Does the Federal Food, Drug, and Cosmetic Act, as amended by the Medical Device Amendments of 1976, pre-empt civil actions related to the alleged fraudulent approval of orthopedic bone screw devices?

Media for Buckman Company v. Plaintiffs' Legal Committee

Audio Transcription for Oral Argument - December 04, 2000 in Buckman Company v. Plaintiffs' Legal Committee

Audio Transcription for Opinion Announcement - February 21, 2001 in Buckman Company v. Plaintiffs' Legal Committee

William H. Rehnquist:

The second case, I have to announce is No. 98-1768, Buckman Co. versus the Plaintiffs' Legal Committee.

Here the respondent represents plaintiffs who claimed injuries resulting from the use of orthopedic bone’s screws in the pedicles of their spines.

Petitioner is a consulting company that assisted the screws' manufacturer in navigating the federal regulatory process for these devices.

The plaintiffs’ claim the petitioner statement to the Food and Drug Administration or FDA as to the intended use of the use of these screws fraudulently induced the FDA to give market approval and ultimately led to plaintiffs’ injuries.

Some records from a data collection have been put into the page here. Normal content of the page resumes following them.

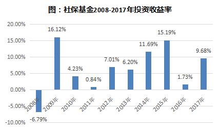 根据《全国社保基金理事会社保基金年度报告(2017年度)》,2017年全国社保基金投资收益率达到9.68%。自2000年8月成立以来,社保基金资产总额超2.2万亿,累计投资收益额突破1万亿,年均投资收益率达到8.44%。在过去10年间,社保基金历经市场多轮牛熊转换,除2008年金融危机时微亏以外(同期上证综指暴跌65.39%),其余各年均实现正收益。(数据,截止到2017年末)
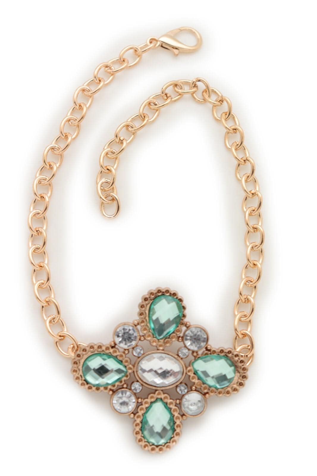gold color metal chain links, green rhinestone accents, clear rhinestone accents
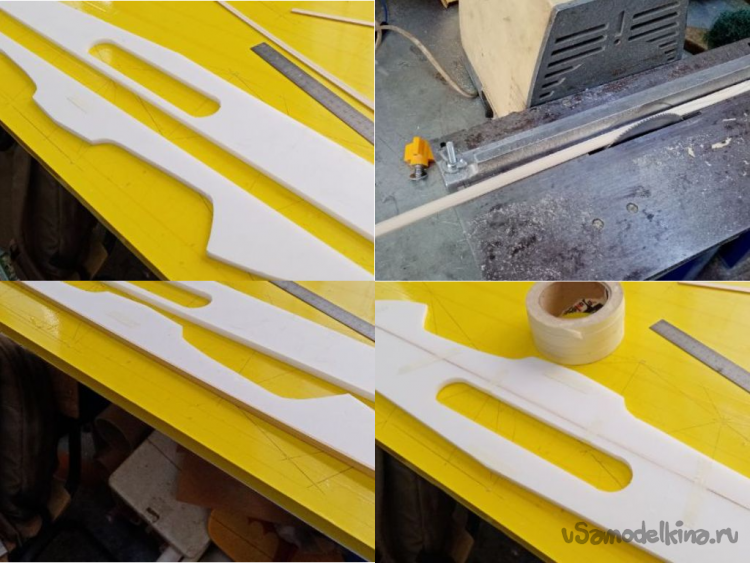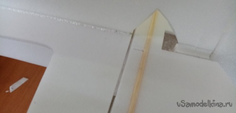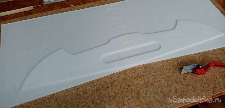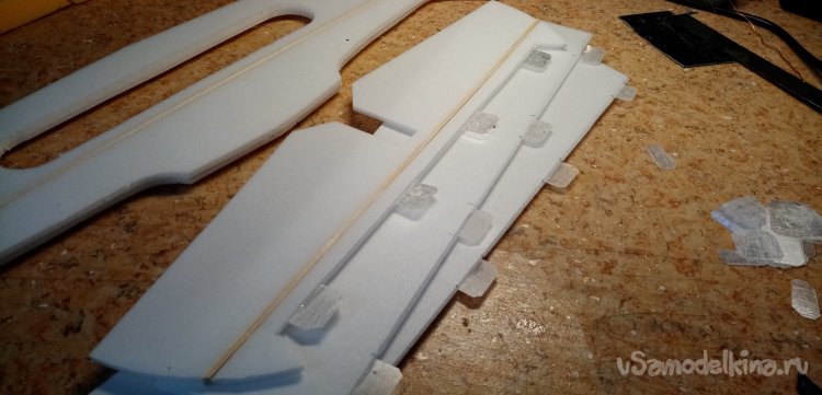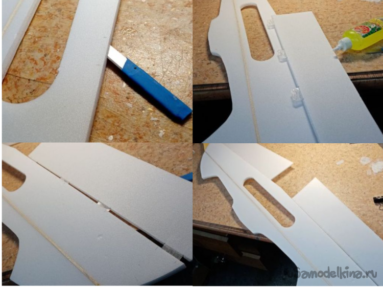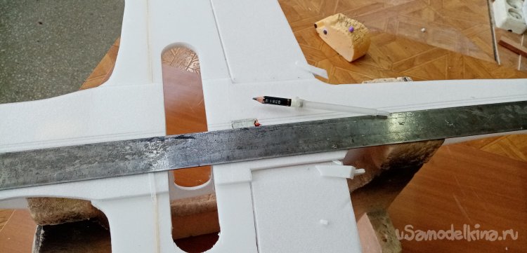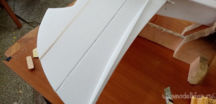 Немного шкуринга для гладкости и можно извлекать крыло из «пресса». Клей немного схватился и можно продолжать. По разметке просто разрезаю крыло повдоль. Раньше практиковал врезание её в крыло, но не задалось, трудно прорезать в двойном пенопласте четкое отверстие в 3 миллиметра, да еще сдобренное клеем. В этом случае края остаются без усиления.
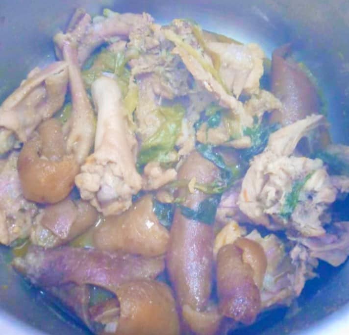 - D’un autre côté cuire son poulet avc les ingrédients cités plus haut . Quand c presque cuit y ajouter la peau 10minuts avant d’éteindre
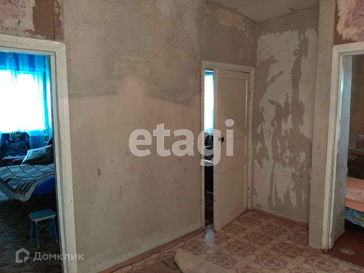 Материал стен - шлакоблок, стены отштукатурены, прогрунтованы, готовы под поклейку. В жилых комнатах полы залиты, уложено ДСП и сверху ДВП, покрашены. Высота потолков - 2,5 м..
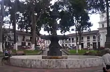 Izquierda: Iglesia de La Inmaculada (parque principal de Salamina), derecha: fuente de la Plaza de Bolívar (parque principal).
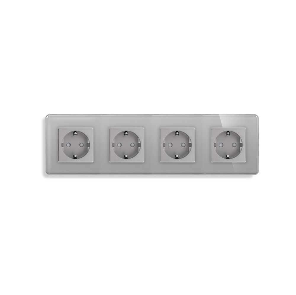 Розетка электрическая 4 поста 16А, рамка 299х86мм стекло 2.5D, цвет серый
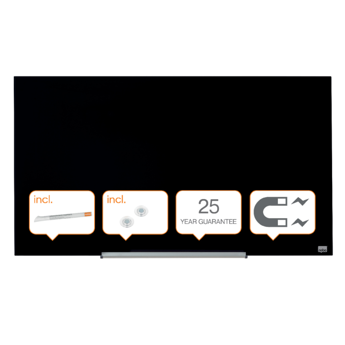 Na širokouhlé sklenené tabule Nobo sa vojdú všetky vaše nápady! Širokouhlý formát a minimalistický rámček maximalizujú využiteľnú plochu na písanie. Systém InvisaMount™, pre jednoduchú inštaláciu na stenu, schová všetky montážne prvky za doskou tabule. Vďaka tomu tabule majú moderný, štýlový a ničím nerušený dizajn. Súčasťou tabule je taktiež odnímateľný hliníkový odkladač na popisovače. Magnetický sklenený povrch zaručuje najlepšiu možnú mazateľnosť a je vhodný na každodenné používanie. Veľkosť uhlopriečky: 45” (114 cm).
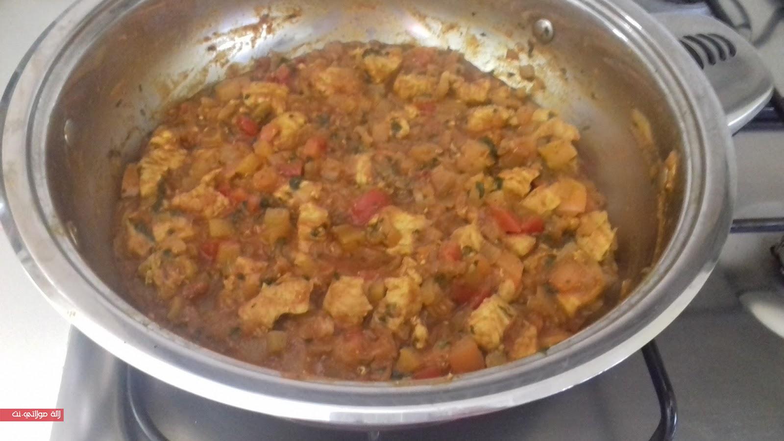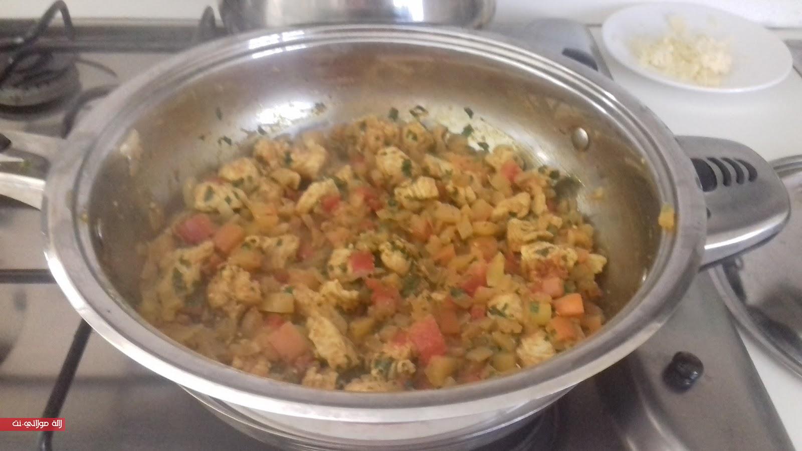 في مقلاة على النار نضع قطع الديك الرومي والبصل و الفلفل مع الزيت و الملح
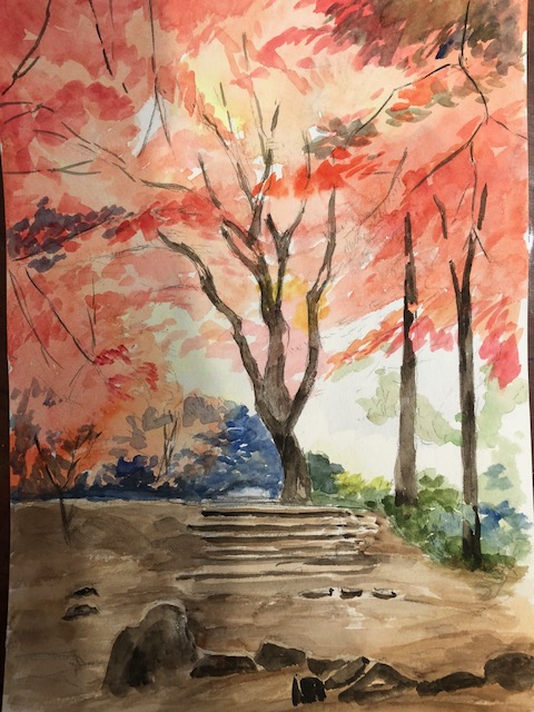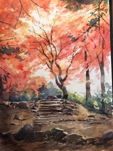 ひざしが綺麗な紅葉を描きました。

The District Court concluded that these State law so-called fraud on the FDA claims were improper under the Medical Device Amendments to the Federal Food, Drug And Cosmetic Acts or the MDA, but the Court of Appeals for the Third Circuit reversed that decision, saying that there was no express or implied conflict between the plaintiffs’ claims and the MDA.

In an opinion filed with the Clerk of the Court today, we reverse.

Under the Supremacy Clause United States Constitution, State law claims have conflict with the federal statute are invalid under what is known as the implied preemption doctrine.

The plaintiffs fraud on the FDA claims create such a conflict with the regulatory regime established by the MDA.

The bones screws at issue here were introduced under a provision of the MDA, directing the FDA to approve devices that it determines, are substantially equivalent to a device that is already on the market.

Referred to as the 510(k) process, this exception to the FDA’s more time consuming in normal processes prevents unnecessary delay in the development of competition among medical device manufactures.

The 510(k) process sets forth a comprehensive scheme for deciding whether an applicant’s device qualifies.

The process also includes various provisions aimed at detecting, deterring, and punishing false statements.

The statute makes clear that it is the FDA’s responsibility not that of private litigants to issue a measured response to incidence of non-compliance. The FDA is charged with achieving a variety of difficult and often competing statutory objectives and it would inevitably forth that task if plaintiffs at each of the 50 states, were able to bootstraps state tort claims under the federal regulatory regime.

Both manufacture’s willingness to participate in the approval process and their conduct within that regime would be skewed by fears of unpredictable state litigation.

This would interfere with the FDA’s own judgment is to how best to achieve the statute’s goal.

The conflict between the MDA and plaintiffs’ fraud on the FDA claims dictates that the latter are impliedly preempted.

Justice Stevens has filed an opinion concurring in the judgment in which Justice Thomas joins.